Egypt has been leading efforts to broker a ceasefire that could include a peacekeeping force being deployed along its border with Gaza to prevent the smuggling of weapons.
On Wednesday, Hamas official Salah al-Bardawil said his movement had presented Egyptian negotiators with a “detailed vision” of how to bring about a ceasefire.
Hamas, which controls Gaza, has said any ceasefire agreement would have to include a halt to Israeli attacks, the complete withdrawal of Israeli forces and the opening of border crossings to end the blockade of Gaza.
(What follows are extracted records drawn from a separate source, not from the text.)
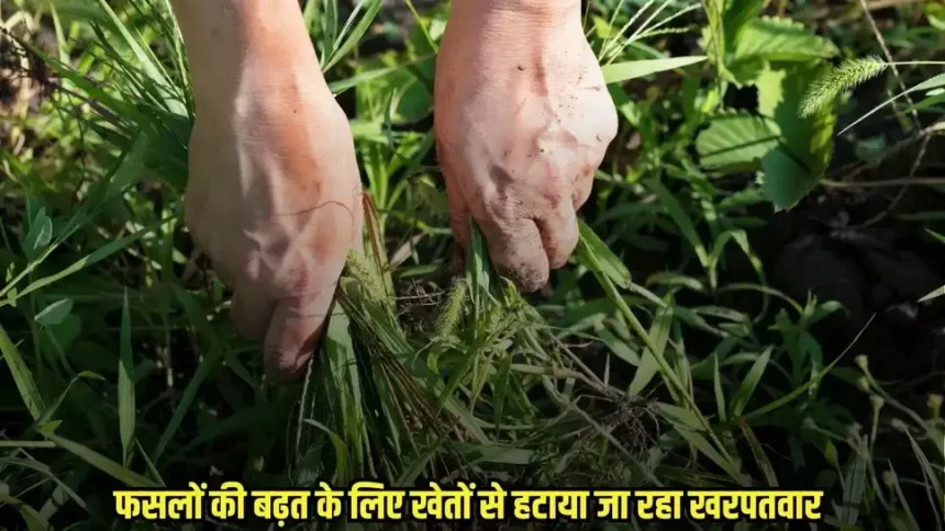 फसलों की बढ़त के लिए खेतों से हटाया जा रहा खरपतवार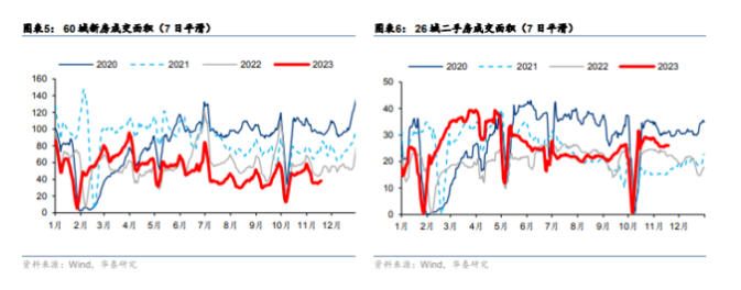 报告数据显示,市场企稳仍需一段时间。23年11月1-17日,60城新房累计成交面积同比-22%,环比+14%;26城二手房累计成交面积同比+10%,环比+45%;23年1 月1日-11月17日,60城新房累 计成交面积同比-12%;26城二手房累计成交面积同比+25%。贝壳领先指标方面,二手房KMI指数31.7(11月 17日),为2020年来14%分位。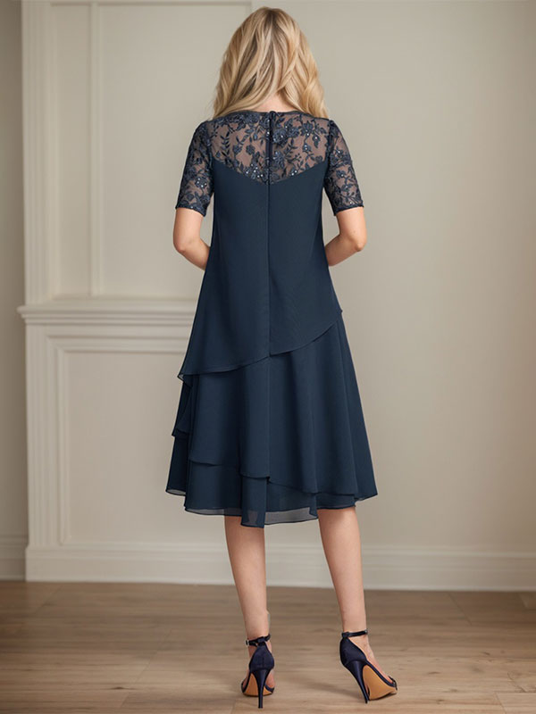 Vestido de novia de corte línea A con escote ilusión, largo hasta la rodilla, de encaje y gasa con lentejuelas.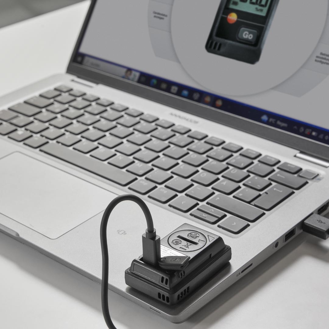 Завдяки USB інтерфейсу логер легко підключається до комп’ютера, без необхідності в додаткових адаптерах. Програмне забезпечення testo ComSoft Basic для ПК забезпечує швидке програмування реєстратора, зчитування та аналіз виміряних даних у графічному та табличному вигляді, а також їх експорт у Excel або PDF.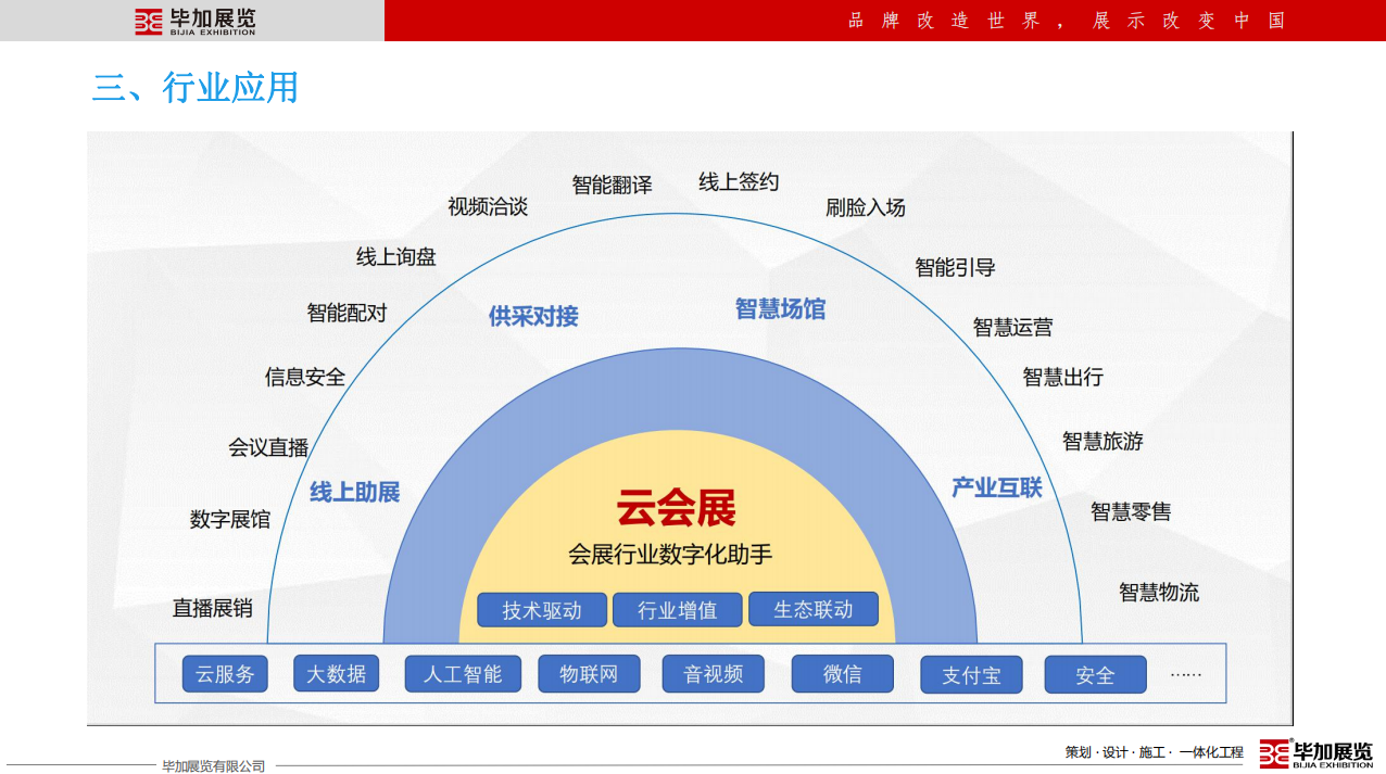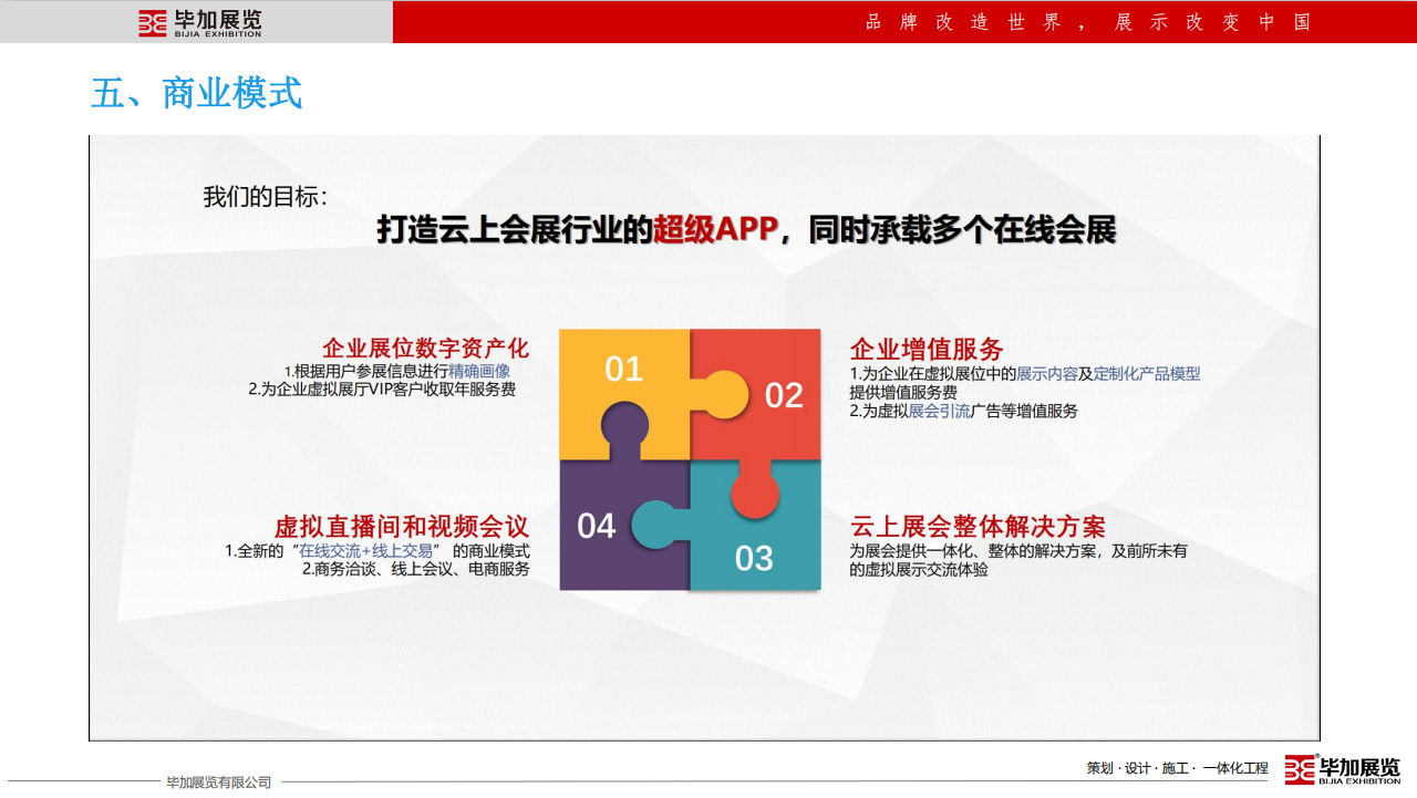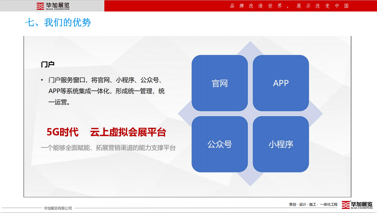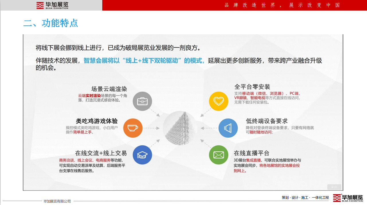 畢加展覽有限公司成立于2008年,注冊資金2000萬。12年專注于展廳博物館設計施工、展臺設計搭建、主場活動運營策劃、展具專柜定制等專業(yè)服務,獲得了中國展覽館工程一級、建筑裝飾總承包貳級,設計乙級等資質(zhì),是央視CCTV受邀專訪企業(yè),參與起草了中國國際促貿(mào)會《展覽會展臺術語》團體標準,并于2019年7月1日全國實施。畢加展覽在國內(nèi)外設有24個分子公司及辦事處,擁有100000㎡產(chǎn)業(yè)園和制作工廠,是一家展示營銷設計施工一體化的專業(yè)服務企業(yè)。畢加以十二年展示營銷領域成長的深厚基礎,以企業(yè)成長發(fā)展必須的營銷和管理能力為支撐,為所有共生合伙人賦能,齊力筑造共生合伙平臺,創(chuàng)造共贏經(jīng)濟生態(tài)圈。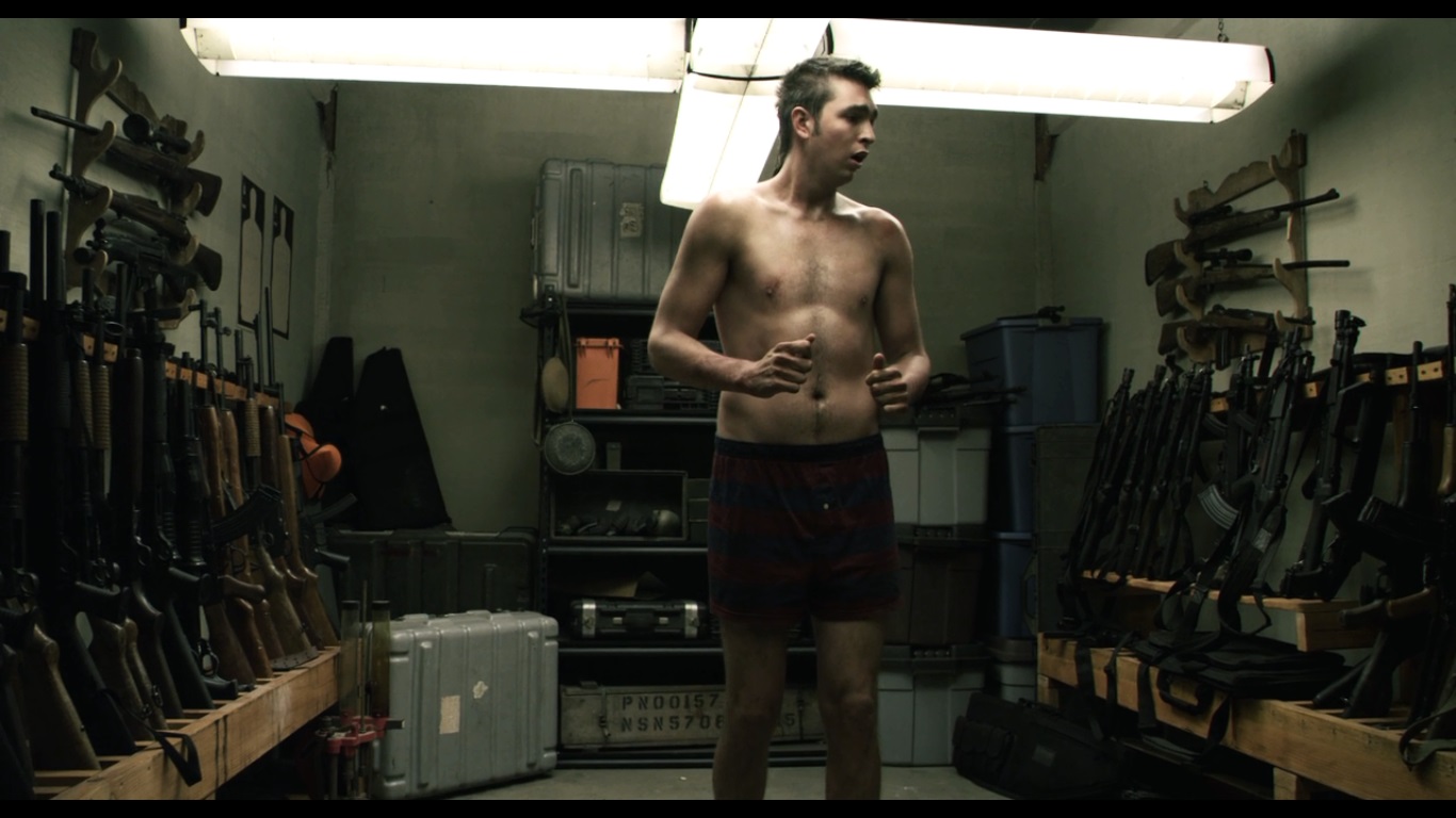 They start taping him up to the cross and the movie thankfully cuts to something else before they get much further. What we cut to isn’t THAT much better though because it’s Travis and Billy-Ray freaking out and trying to find a way to escape. Fortunately for them, the man who was thrown down there broke one of his bones and it’s poking out of the skin. Travis tries to cut through the plastic sheeting with the sharp piece of bone, and is also trying to keep Billy-Ray from completely losing it. At the same time, the deputy is knocking on the church gates and Abin goes out to turn him around. Travis is able to free Billy-Ray, but Billy-Ray bolts before Travis can cut through his own restraints. The church goers hear the commotion and one of them (with a gun) goes to investigate. Billy-Ray is desperately trying to find a way out and ends up in a room that is filled to the brim with weapons.

Israeli government spokesman Mark Regev said there was “momentum” to the talks.
“Ultimately we want to see a long-term sustainable quiet in the south, a quiet that’s going to be based on the total absence of all hostile fire from Gaza into Israel, and an internationally supported mechanism that will prevent Hamas from rearming,” Mr Regev said.
Israel launched its offensive on the Gaza Strip on 27 December and has refused to allow international journalists to enter Gaza without supervision, making it to independently confirm casualty figures.
The offensive has provoked widespread international condemnation at the cost in civilian casualties and the ongoing humanitarian crisis in the coastal enclave.